Java Adapter Config

Each Java adapter supported by Keycloak can be configured by a simple JSON file. This is what one might look like:

{
  "realm" : "demo",
  "resource" : "customer-portal",
  "realm-public-key" : "MIGfMA0GCSqGSIb3D...31LwIDAQAB",
  "auth-server-url" : "https://localhost:8443/auth",
  "ssl-required" : "external",
  "use-resource-role-mappings" : false,
  "enable-cors" : true,
  "cors-max-age" : 1000,
  "cors-allowed-methods" : "POST, PUT, DELETE, GET",
  "cors-exposed-headers" : "WWW-Authenticate, My-custom-exposed-Header",
  "bearer-only" : false,
  "enable-basic-auth" : false,
  "expose-token" : true,
   "credentials" : {
      "secret" : "234234-234234-234234"
   },

   "connection-pool-size" : 20,
   "disable-trust-manager": false,
   "allow-any-hostname" : false,
   "truststore" : "path/to/truststore.jks",
   "truststore-password" : "geheim",
   "client-keystore" : "path/to/client-keystore.jks",
   "client-keystore-password" : "geheim",
   "client-key-password" : "geheim",
   "token-minimum-time-to-live" : 10,
   "min-time-between-jwks-requests" : 10,
   "public-key-cache-ttl": 86400
}

You can use ${…​} enclosure for system property replacement. For example ${jboss.server.config.dir} would be replaced by /path/to/Keycloak. Replacement of environment variables is also supported via the env prefix, e.g. ${env.MY_ENVIRONMENT_VARIABLE}.

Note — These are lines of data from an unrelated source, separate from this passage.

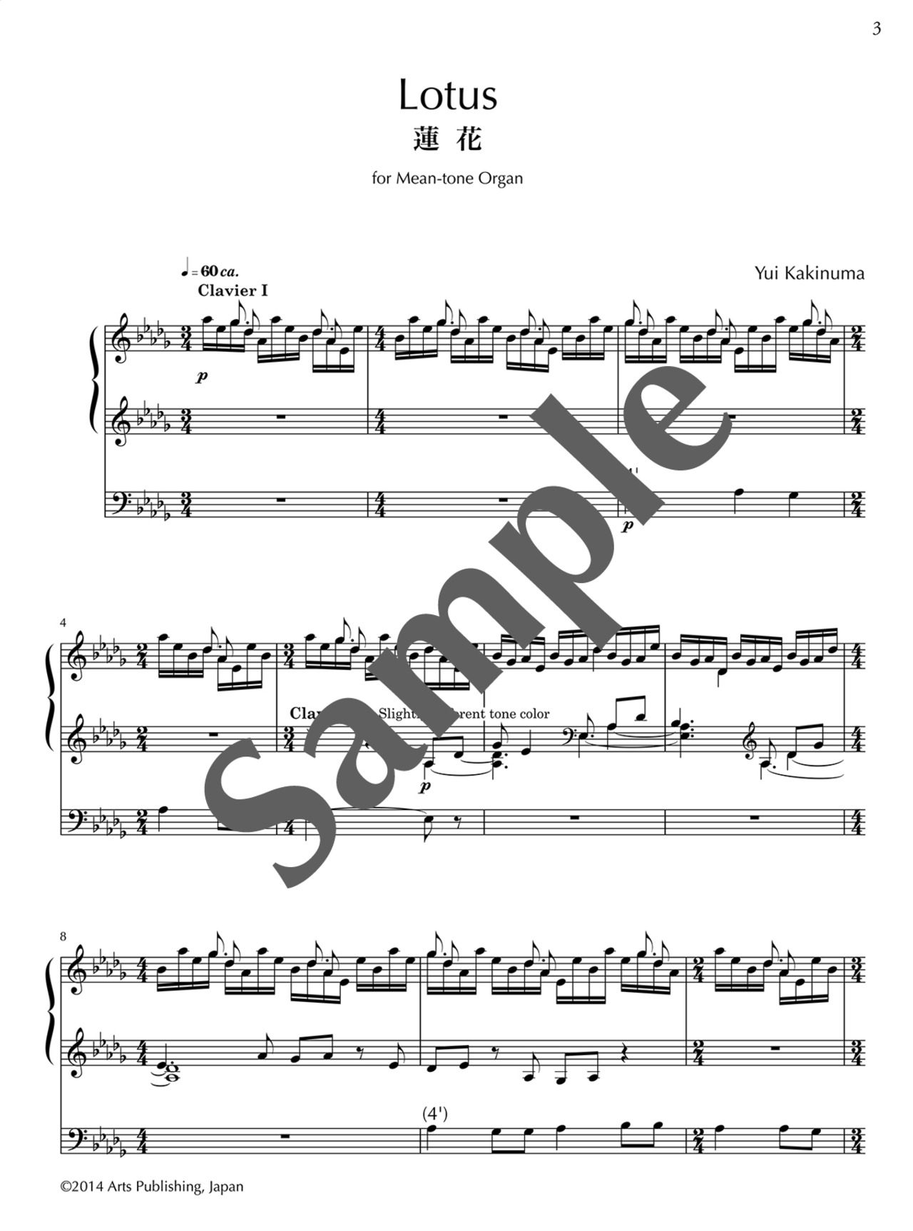 This piece was composed for Mean-tone instrument, but it is possible to be performed by any other types of temperament.
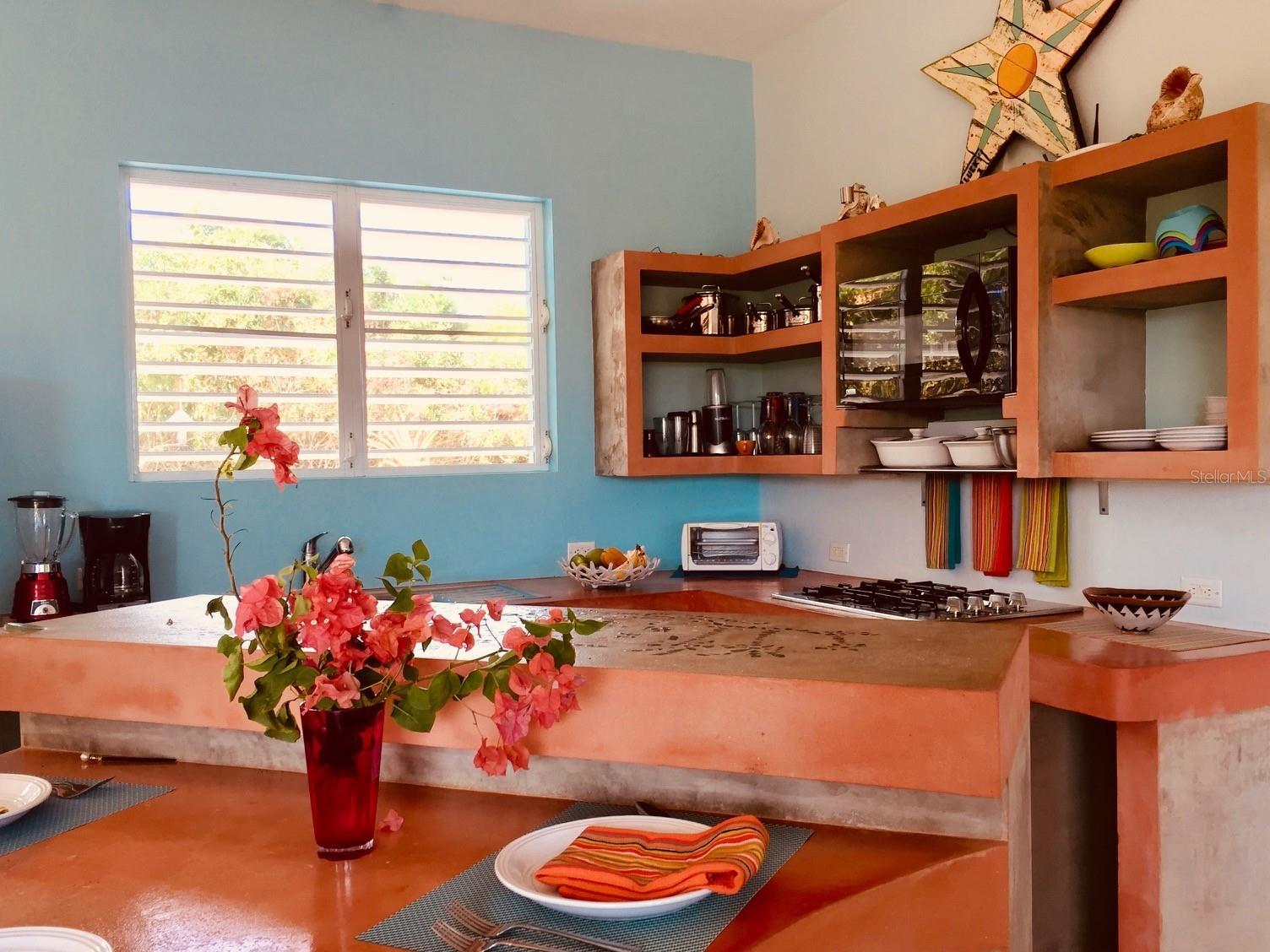 Nestled on a tranquil acreage on the Southside of Vieques Island, Casa Vieques is a stunning two-bedroom, two-bathroom home offering breathtaking ocean views from every room. The natural light and ventilation are an integral part of island living contributing to a healthier living environment, with lower energy costs. Constructed with insulated concrete forms, the 11-inch thick walls provide superior energy efficiency, keeping the interior cool and comfortable year-round. Insulated Concrete Forms (ICF) ensure both energy efficiency and a solid structure that is storm-ready.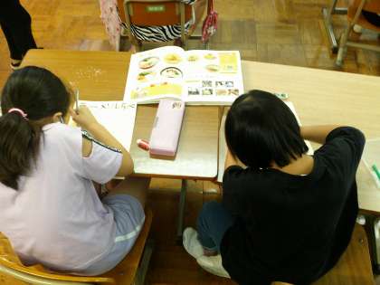 今日は,バス,服,食べ物等,調べることを本やタブレットで調べて表紙に絵を描きました。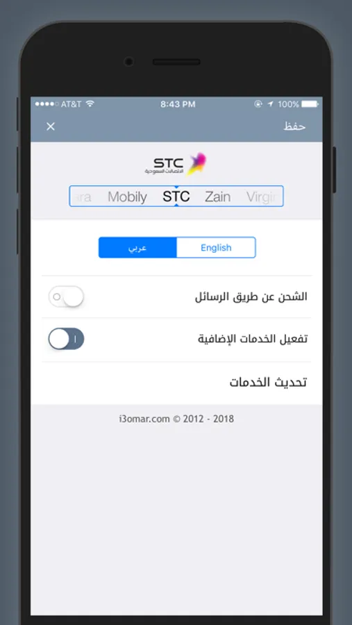 التطبيق يحوي على العديد من الخدمات المتعلقه بالشحن والرصيد.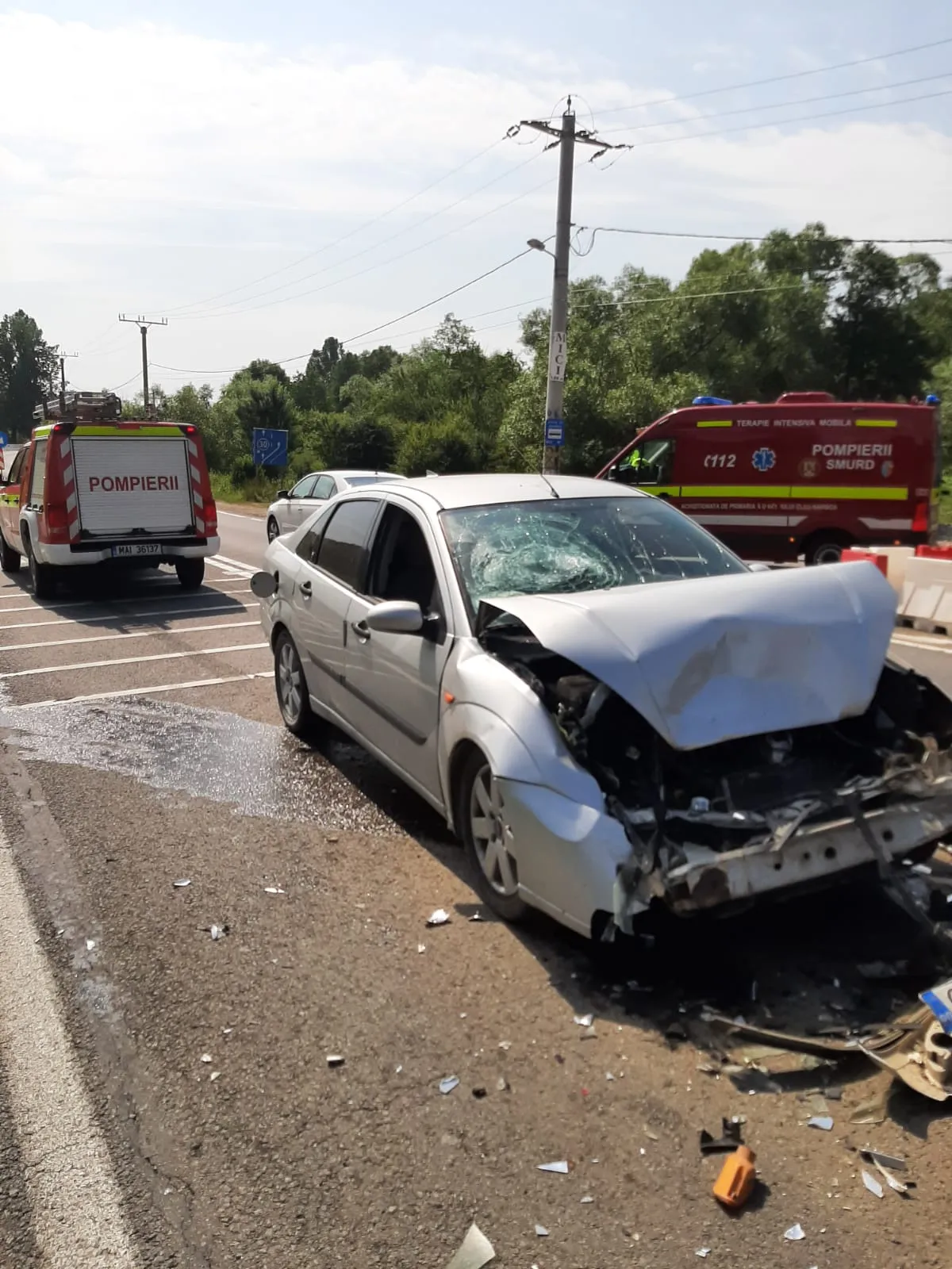 Solicitarea pentru intervenția pompierilor a fost înregistrată în jurul orei 10.50, iar la fața locului au găsit două autoturisme avariate și ocupanții ieșiți din acestea.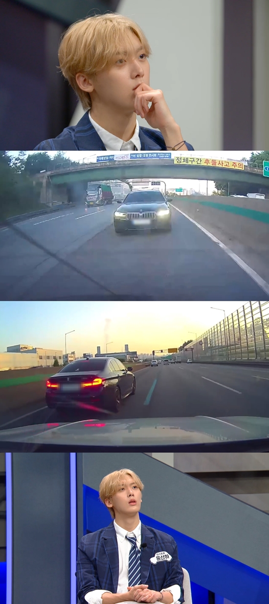 공개된 블랙박스 영상에는 고속도로 1차로를 주행하던 블박차 뒤로 빠르게 접근한 차량이 상향등을 반복적으로 깜빡이는 모습이 포착된다. 이를 인지한 블박차가 2차로로 비켜준 뒤 다시 1차로로 진입하자, 상대 차량은 갑자기 급브레이크를 밟으며 위협운전을 감행하고, 이를 본 패널들은 "와 진짜 미쳤다"라며 입을 다물지 못한다.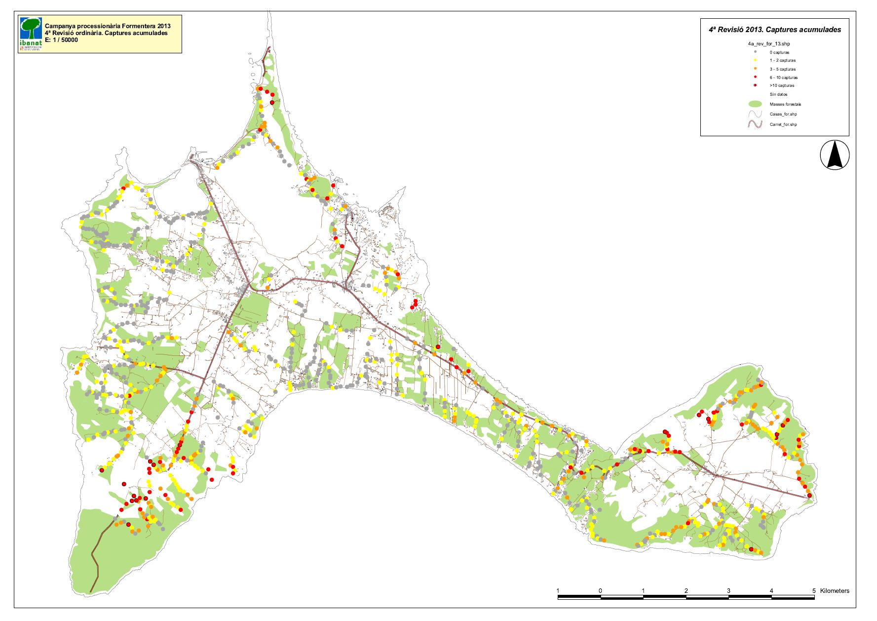 Mapa d'afectació de la processionària del pi - 2013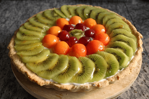 For the glaze, melt apricot jam and mix it with orange liqueur. Use a pastry brush to coat the fruits. Keep the tart in the refrigerator until serving.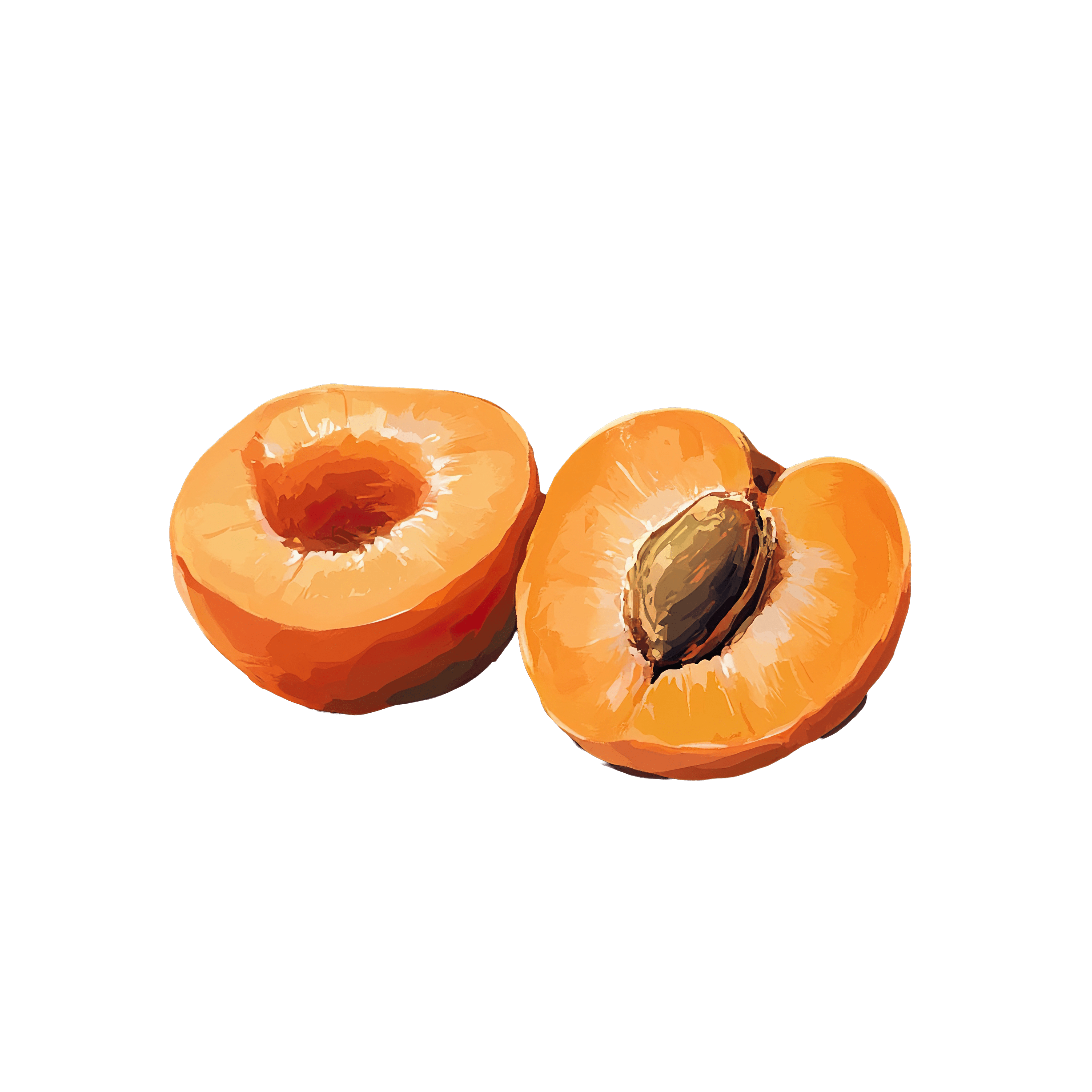 Halved Apricots with Pits Exposed Two apricot halves with visible pits.Download PNG ▼Download JPG ▼Related posts:Watercolor Illustration of Snowy Mountains with a Bright Yellow SunLemon Layer Cake Slice with Icing and Lemon WedgeFestive Gnome with Red Hat and Winter AttireYellow Banana with Green StemVibrant Orange and Yellow Sun with Radiating FlamesVibrant Green Soybean Plant with LeavesPavlova Dessert Topped with Fresh Berries and Mint LeavesBanana Slices on Toasted Bread with Honey DrizzleDetailed Watercolor Illustration of a Purple Orchid FlowerSea Buckthorn Branch with Vibrant Orange Berries clipart vector art plant leavesCartoon wolf wearing a large black witch hatMonkey on Vines Clipart Illustration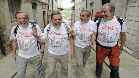 El viaje lo empiezan hoy y en el primer trayecto completarán 32 kilómetros hasta Redondela. De allí caminarán mañana hasta Pontevedra, de Pontevedra llegarán a Caldas de Reis el jueves, de allí a Padrón el viernes y de Padrón a Santiago, el sábado, 8 de junio. De esta forma completarán el tramo del Camino Portugués, un itinerario consolidado que se suma al que va por la costa, cada día más de moda, creciendo de forma exponencial el número de peregrinos que eligen esta ruta. Los cuatro hermanos ya hicieron algún tramo del Camino alguna vez en el pasado, pero por separado. «Juntos es la primera vez que vamos a intentarlo y como ya no somos muy jóvenes no sabemos si es la última vez. Nos hace mucha ilusión aunque vamos un poco averiados», reconoce con humor Conrado, que para celebrarlo, encargó para todos unas camisetas que llevan impreso el lema del equipo: «Los mellis en marcha».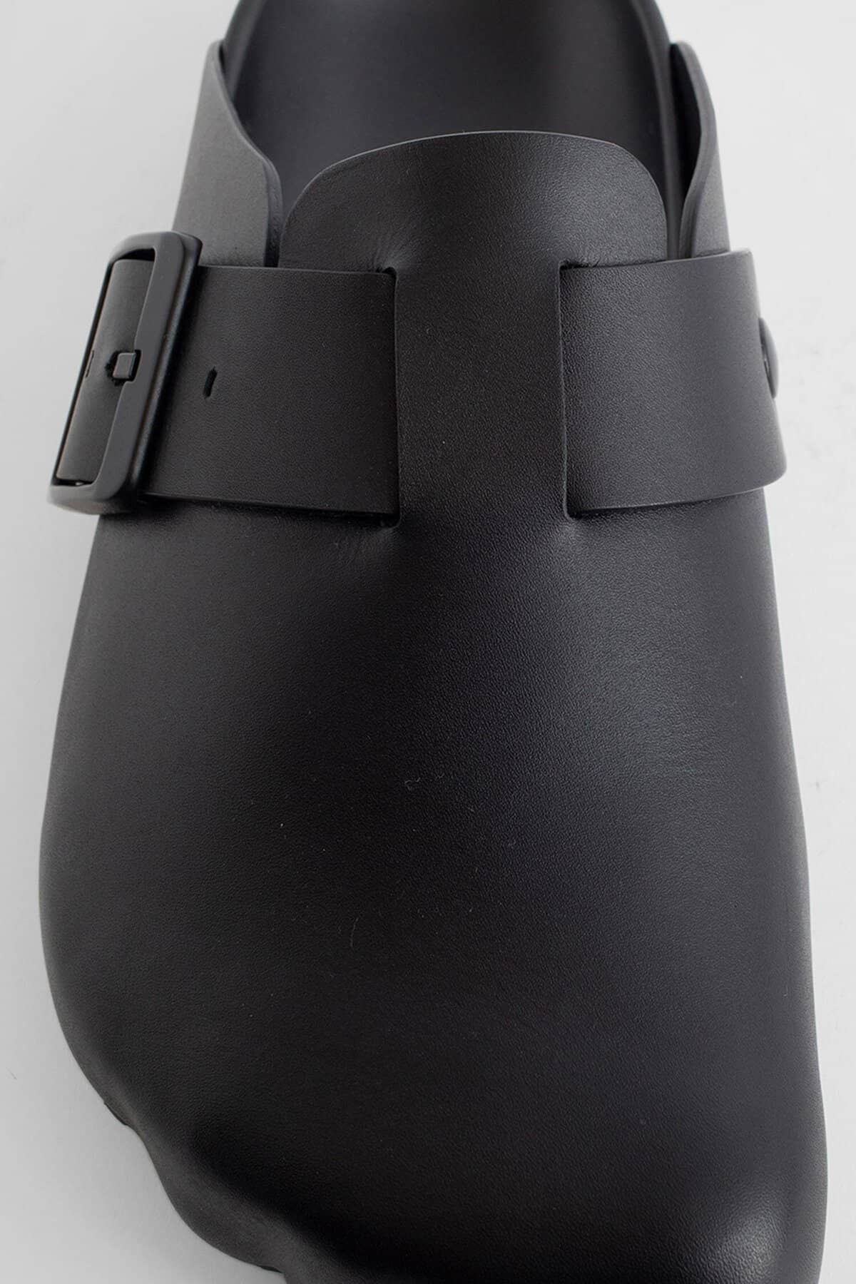 Runway style Black Smooth leather Front engraved buckle strap Five finger shape toe Rubber sole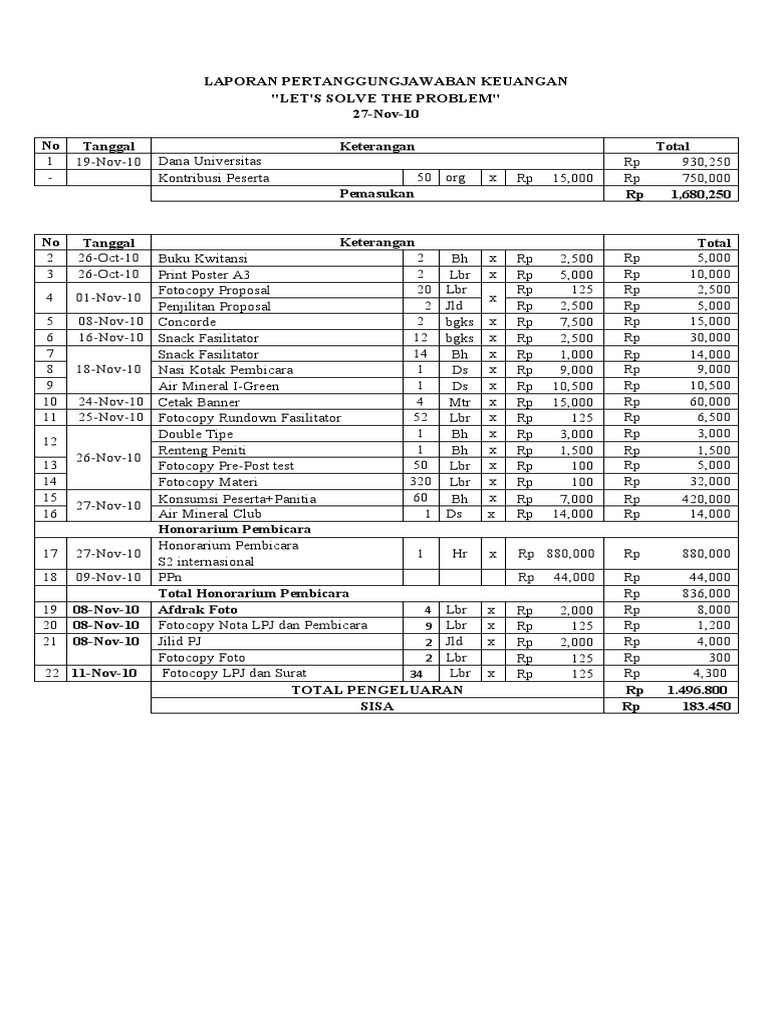 Contoh laporan pertanggungjawaban dana kegiatan. Laporan Pertanggungjawaban - Kegiatan Dana Hibah Daerah ... laporan pertanggungjawaban - kegiatan dana hibah daerah setda kab. bantul tahun 2012 Laporan Pertanggungjawaban Kegiatan Gathering Isi Laporan Pertanggungjawaban Kegiatan. HALAMAN JUDUL. I. NOMOR DAN NAMA KEGIATAN. Nomor : 05/HMP-AN/UPB/X/2017. Nama Kegiatan : Family Gathering Adimistrasi Negara 2017 "Bersama. Menjalin Kebersamaan". II. TUJUAN. 1. DOCX Laporan Pertanggungjawaban Kegiatan LAPORAN PERTANGGUNGJAWABAN BANTUAN DANA BANJIR BANDANG DAN TANAH LONGOR MANADO 15 JANUARI 2014 INDONESIA SEJAHTERA 20 14 PENDAHULUAN ISRA (Integrated Society Rescue Action) merupakan wadah organisasi yang dibentuk berdasarkan visi yaitu menjadikan bangsa Indonesia sebagai bangsa yang jaya, makmur sejahtera seutuhnya. Contoh Laporan Pertanggungjawaban Dana Bantuan Sosial ... Contoh laporan pertanggung jawaban lpj bantuan dana desa kata pengantar dengan memanjatkan fuji dan syukur kehadirat alloh swt atas segala rahmat dan karunia nya kami dapat menyelesaikan program kegiatan sebagaimana yang kita harapkan dengan telah selesainya pelaksanaan kegiatan bantuan dana desa tahap 1 tahun 2015.
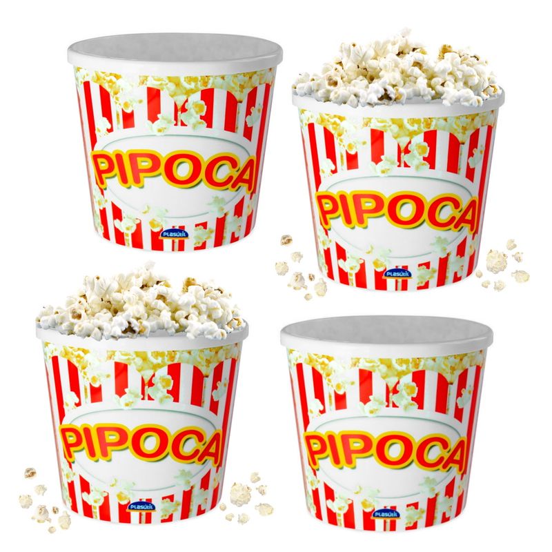 Kit com 4 Pote Balde de Pipocas Clássico Oval 2,1 Litros - Plasútil

The initial config file can be obtained from the the admin console. This can be done by opening the admin console, select Clients from the menu and clicking on the corresponding client. Once the page for the client is opened click on the Installation tab and select Keycloak OIDC JSON.

Here is a description of each configuration option:

realm

Name of the realm. This is REQUIRED.

resource

The client-id of the application. Each application has a client-id that is used to identify the application. This is REQUIRED.

realm-public-key

PEM format of the realm public key. You can obtain this from the administration console. This is OPTIONAL and it’s not recommended to set it. If not set, the adapter will download this from Keycloak and it will always re-download it when needed (eg. Keycloak rotate it’s keys). However if realm-public-key is set, then adapter will never download new keys from Keycloak, so when Keycloak rotate it’s keys, adapter will break.

auth-server-url

The base URL of the Keycloak server. All other Keycloak pages and REST service endpoints are derived from this. It is usually of the form https://host:port/auth. This is REQUIRED.

ssl-required

Ensures that all communication to and from the Keycloak server is over HTTPS. In production this should be set to all. This is OPTIONAL. The default value is external meaning that HTTPS is required by default for external requests. Valid values are 'all', 'external' and 'none'.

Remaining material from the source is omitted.